Our study had limitations. Our Japan-specific trial may limit the generalizability of the results, since all enrolled participants are Japanese patients with NSCLC who usually show better survival than Western populations, and the use of low-dose 60 mg/m² docetaxel used in the study is not the standard dose (75 mg/m²) in the rest of the world.
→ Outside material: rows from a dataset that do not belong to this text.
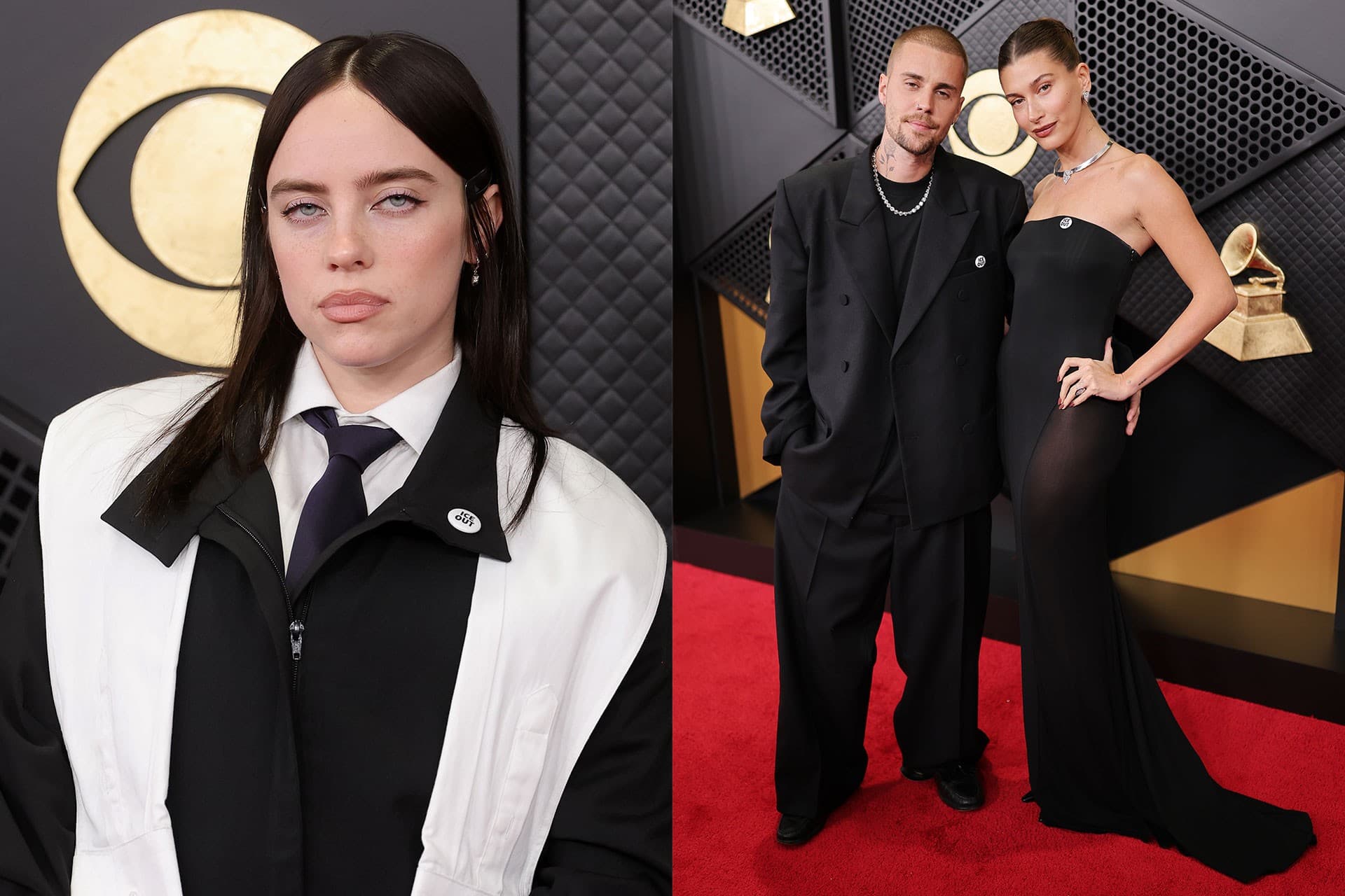 As the nation reckons with the Trump administration's mass deportation campaign and immigration crackdowns, celebrities are showing their support with this subtle detail at the 2026 Grammys. Stars like Hailey and Justin Bieber, Kehlani, and Billie Eilish stepped out tonight wearing "ICE OUT" pins to pledge their stance on what is unfolding in Minneapolis and across America.
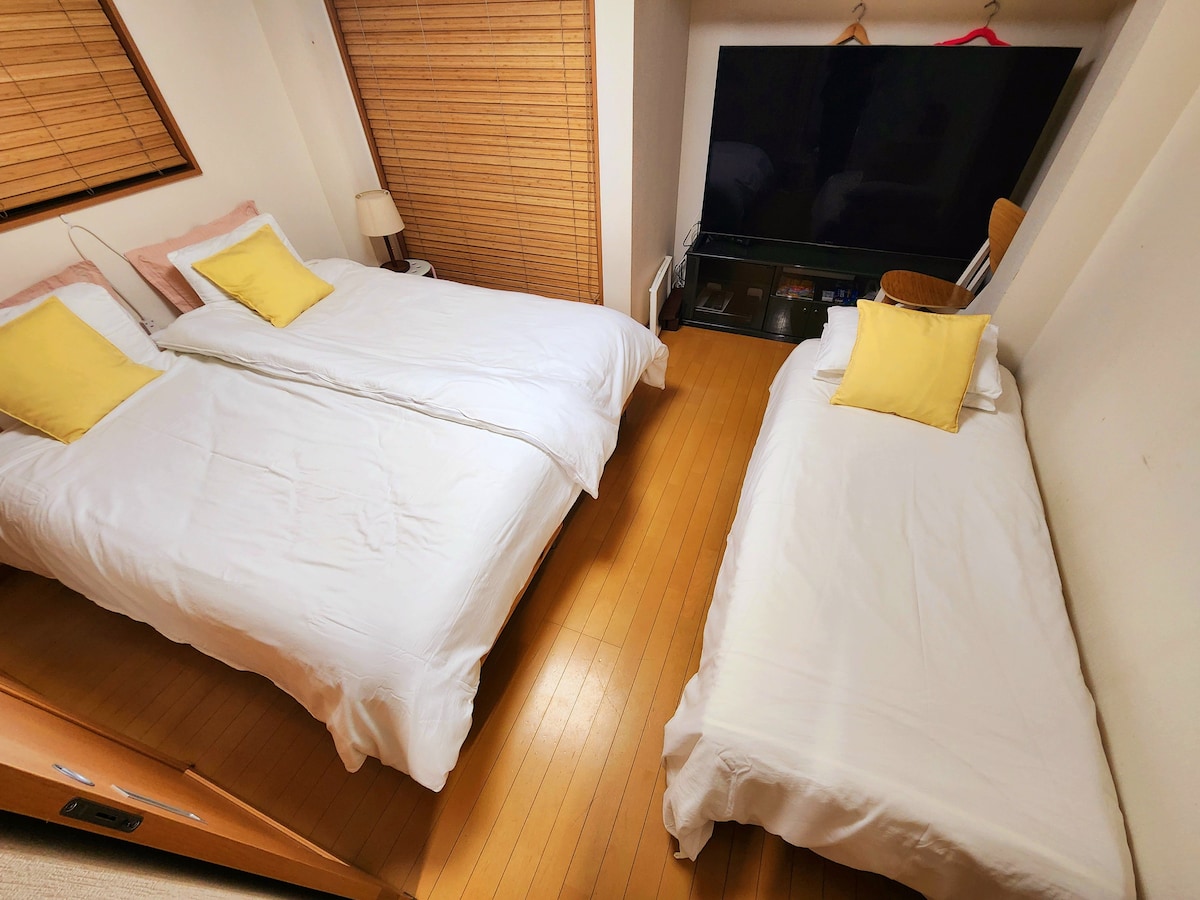 ご覧いただきありがとうございます。 三ノ宮駅から徒歩10分~15分くらいです。 65型の大画面テレビ。 メニューボタンよりYouTubeやNetflixなど視聴可能です。 シングルベッドふたつと、布団と敷き布団を用意していますので3名様まで宿泊できます。 シングルベッドふたつをくっつけています、 横200cm×縦200cmの大きなベッドです。 シングルかけ布団は1人ずつ用意します。 かけ布団カバー、まくらカバー、クッションカバー、ベッドシーツ、すべてのカバーを交換します。 バスタオル1枚、フェイスタオル1枚を用意しますが、多めに必要でしたら事前にご連絡いただくと用意します。 近くにはおいしくて居心地の良い飲食店が多数あります。 近くの喫茶店のコーヒーやモーニングなど出前できます。 【無料駐車場】 1台 何部屋か運営しており他のお客さまが止める場合は利用できません。 事前にお問い合わせください。
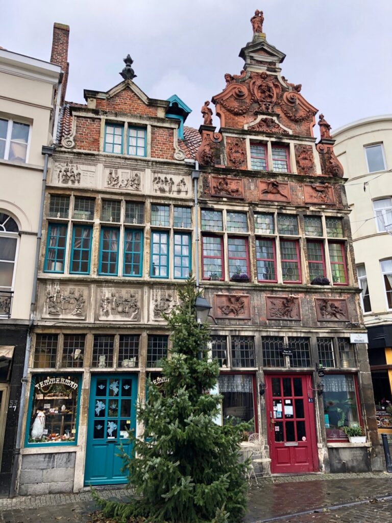 Vous êtes ici face à des maisons typiques, parmi les plus jolies de Gand. À droite, la maison du joueur de flûte. À gauche, celle de la miséricorde, avec, au rez-de-chaussée, une boutique qui fait rêver les enfants depuis 1904.

A potential weakness of our study is related to the lack of significant differences in OS between the 2 groups, although carboplatin-pemetrexed treatment showed a statistically significant PFS advantage over single-agent docetaxel. A substantial proportion of patients received poststudy systemic treatment. Given that active drugs available for second-line or third-line therapies might confer prolonged survival after progression, an improvement in PFS was not likely to translate into an OS advantage.^19,20 Another limitation of our study is the lack of cost-effectiveness analysis, given that medical expenditures put pressure on patient and government finances.

Conclusions

In conclusion, the combination of carboplatin and pemetrexed followed by pemetrexed maintenance in cytotoxic chemotherapy–naive patients 75 years and older with advanced nonsquamous NSCLC provides a clinically significant benefit with regard to its effectiveness and tolerability. This combination should therefore be considered as a standard option for treatment in this setting.

Supplement 1.

Trial protocol.

Click here for additional data file.^{(1.5MB, pdf)}

Supplement 2.

eMethods.

eFigure 1. Quality of life assessment according to the 7-item Lung Cancer Subscale of the Functional Assessment of Cancer Therapy–Lung (FACT-LCS) questionnaire.

eFigure 2. Kaplan-Meier plots for overall survival in patients with a performance status of 0 (A) or 1 (B).

eFigure 3. Kaplan-Meier plots for progression-free survival in patients with a performance status of 0 (A) or 1 (B).

eTable. Treatment-related adverse events according to performance status.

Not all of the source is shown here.